Finally, we ask whether pupillometry as a measure of effort to sustain attention is also applicable to older listeners. Attentive capacity is known to decline with age (e.g., Brosnan et al., 2018; Dørum et al., 2016; van der Leeuw et al., 2017; Lufi et al., 2015; Tu et al., 2018). An objective measure of sustained auditory attention would, therefore, be useful to quantify such difficulties and assess intervention outcomes. However, there are known changes to ocular physiology associated with healthy aging (Bitsios et al., 1996; Guillon et al., 2016; Tekin et al., 2018; Winn et al., 1994) that might limit the efficacy of pupillometry in this population (Piquado et al., 2010; Van Gerven et al., 2004).

Below, we report on two experiments run on young (18-31 year-old) and older (63-79 year-old) listeners. Overall, our results reveal that pupillometry can be a robust measure for attentive tracking in young listeners, supporting its potential usefulness as a screening measure and for evaluating various failures in sustained attention ability. There is also evidence that pupil measures may be used in older people but we identify a few cautionary issues.

Experiment 1: Young listeners

Methods

Participants

Thirty-three paid participants (21 females; mean age 22.9, range 18-31) took part in this study. All reported normal hearing and no history of neurological disorders. Experimental procedures were approved by the research ethics committee of University College London and written informed consent was obtained from each participant. Thirteen participants were excluded from the pupillometry analysis due to poor behavioural performance, leaving a subset of 20 participants (14 females, mean age 22.7, range 18-30).

Stimuli

Stimuli were 25-second-long artificial acoustics “scenes” that contained 1, 2 or 3 concurrent tone-pip sequences (“streams”). Each stream had a unique carrier frequency and modulation rate (AM). Carrier frequencies were selected from a pool of 18 ERB-spaced (Moore and Glasberg, 1983) values between 500 and 4000 Hz with the constraint that the separation between streams (in the 2- and 3-stream condition) was exactly 6 ERBs. AM rates were selected from a pool of 4 values 3, 7, 13 or 23 Hz. Tone pip duration was fixed at 30 ms (10 ms rise and fall). Together the unique combination of frequency and AM rate associated with each stream supported the perception of the scene as consisting of several concurrent, segregable “auditory objects”. In order to control for perceived loudness, the overall scene intensity was kept constant across scene-size conditions. As a consequence, individual stream intensity decreased with scene size.

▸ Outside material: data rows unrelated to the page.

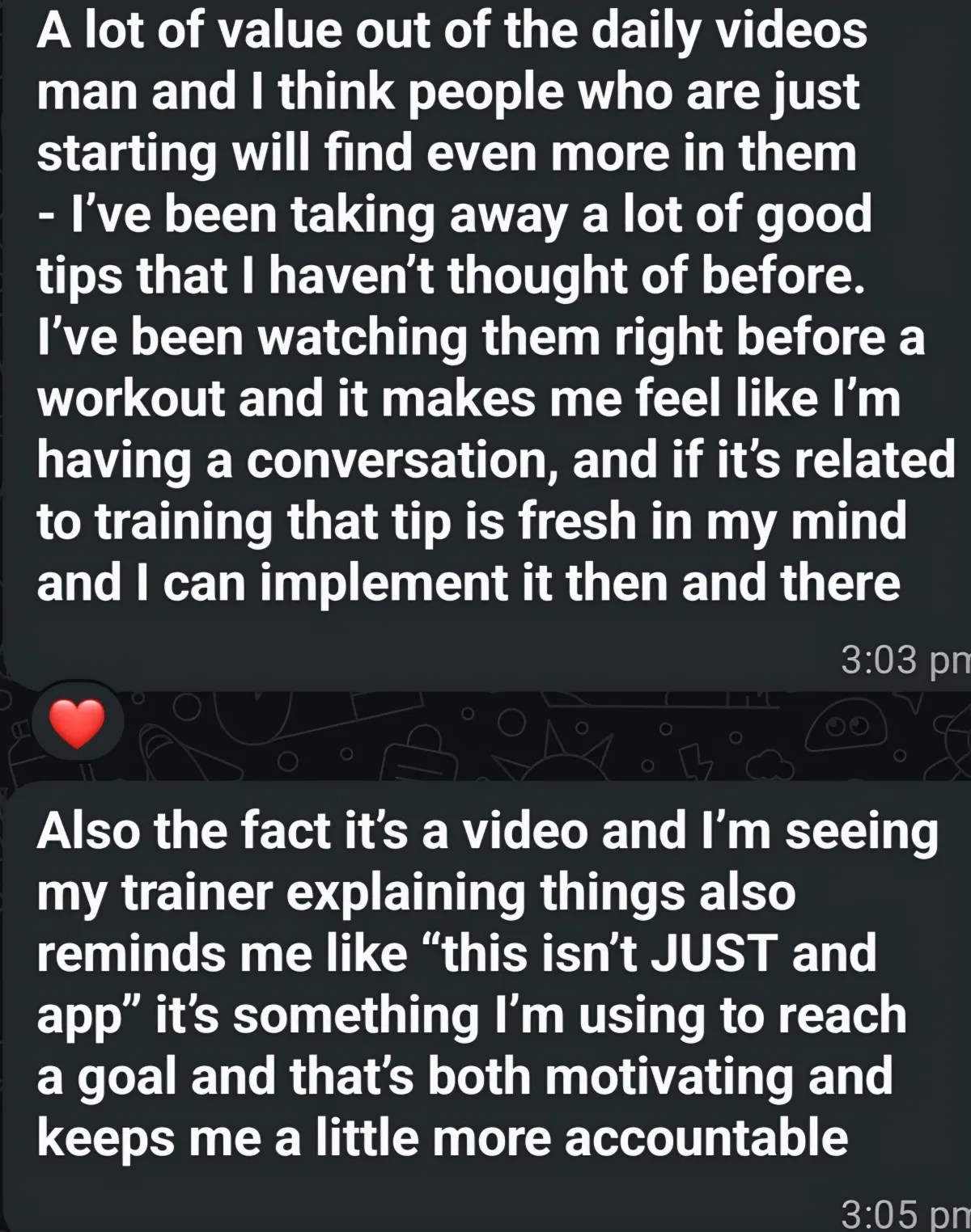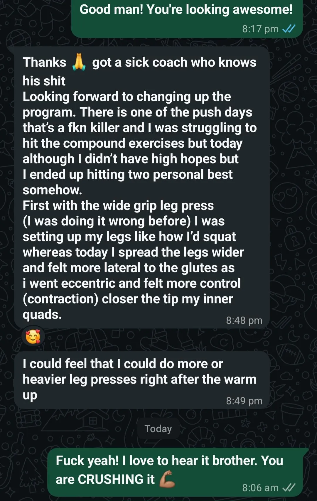 Yes - every plan is built around you. Your goals, training experience, schedule, and lifestyle shape everything we do. You’ll get one-on-one support, weekly check-ins, daily motivational/educational videos and ongoing adjustments to make sure the plan fits your life and delivers results.
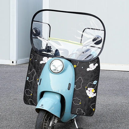 电动摩托车前挡风板踏板电瓶车防风被冬季高清透明挡雨罩四季通用
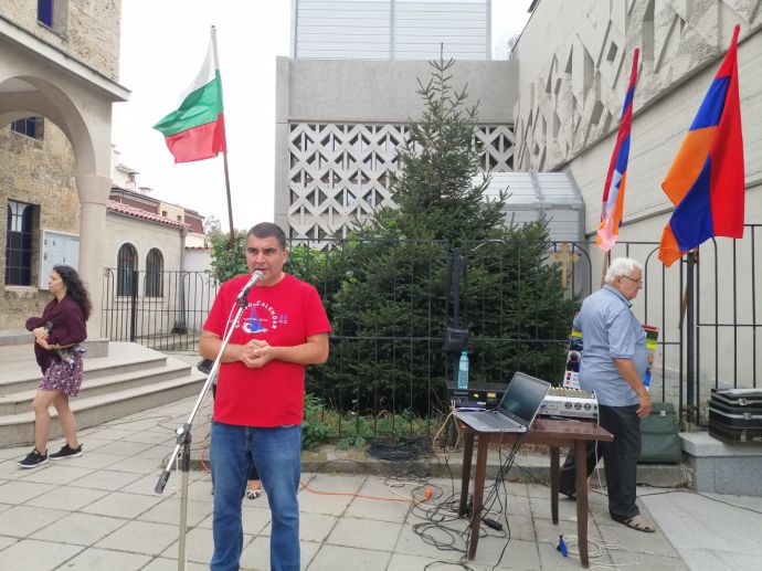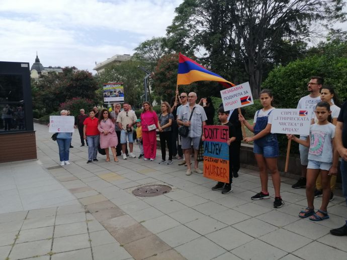 „Събра ни това, че сме свидетели на едно престъпление срещу човечността, което сега се извършва от страна на Азербайджан. Бургаската общественост е съпричастна с арменците, защото това, което се случва там, можем да окачествим като един античовешки акт. Скоро в Нагорни Карабах няма да остане нито един жив арменец”, каза журналистът Кеворк Дадурян, един от организаторите на днешния протест.
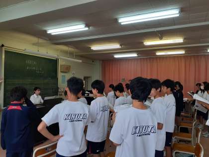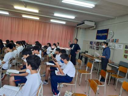 1年生の音楽では、9月1ヶ月間実習に来てくださっている佐野先生の研究授業がありました。合唱コンクールの学年曲とクラス曲の練習をしています。
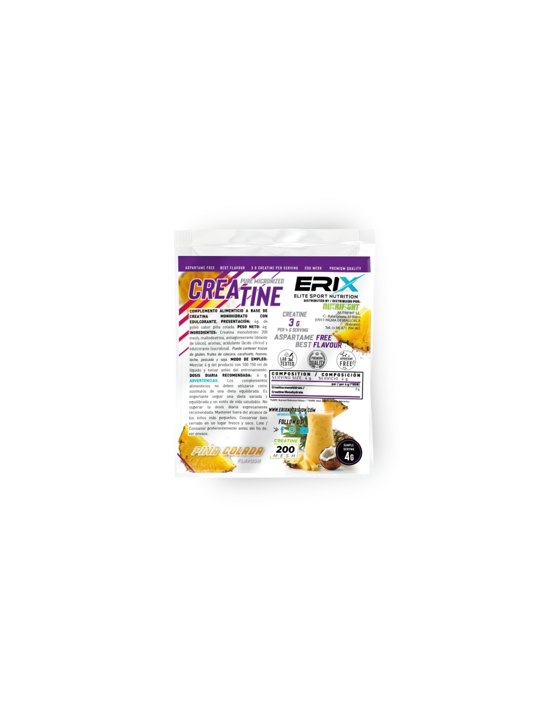 Pure Micronized Creatine de Erix Nutrición es 100% creatina monohidrato, sin aditivos, para obtener la dosis recomendada por la EFSA en una sola toma de 3 gramos, y sin aromas ni colorantes, lo que te permite tomarla sola o añadirla en batidos y preparados para completar tu alimentación.

Each stream contained between 2 and 3 silent gaps. These were created by removing the appropriate number of tones to generate a silent gap of around 333 ms (the minimum length of a gap in the 3Hz AM rate stream). Silent gaps could not occur within the first or last 2 seconds of a stream sequence or within 2 seconds of one another (including across streams). Participants were instructed to monitor one of the streams (“target”) for gaps whilst ignoring gaps in the distractor streams. The target stream was indicated by means of a 2000 ms cueing tone-pip sequences which preceded each trial. The scene was then presented following a 2000 ms silent gap (see Figure 1). In the 3-stream condition, the target stream was always the middle-frequency stream. To facilitate comparison across conditions, stimuli were created in triplets containing the same target stream across all 3 conditions. These were then presented in random order during the experimental session.

Procedure

Participants sat with their head fixed on a chinrest in front of a monitor (24-inch BENQ XL2420T with a resolution of 1920×1080 pixels and a refresh rate of 60 Hz) in a dimly lit and acoustically shielded room (IAC triple walled sound-attenuating booth). They were instructed to continuously fixate on a black cross presented at the centre of the screen against a grey background whilst monitoring the cued target stream for gaps. They were to respond (button press) as quickly as possible when a gap was detected whilst ignoring gaps in the distractor streams. Visual feedback (number of misses and false alarms) was presented for 1500 ms at the end of each trial.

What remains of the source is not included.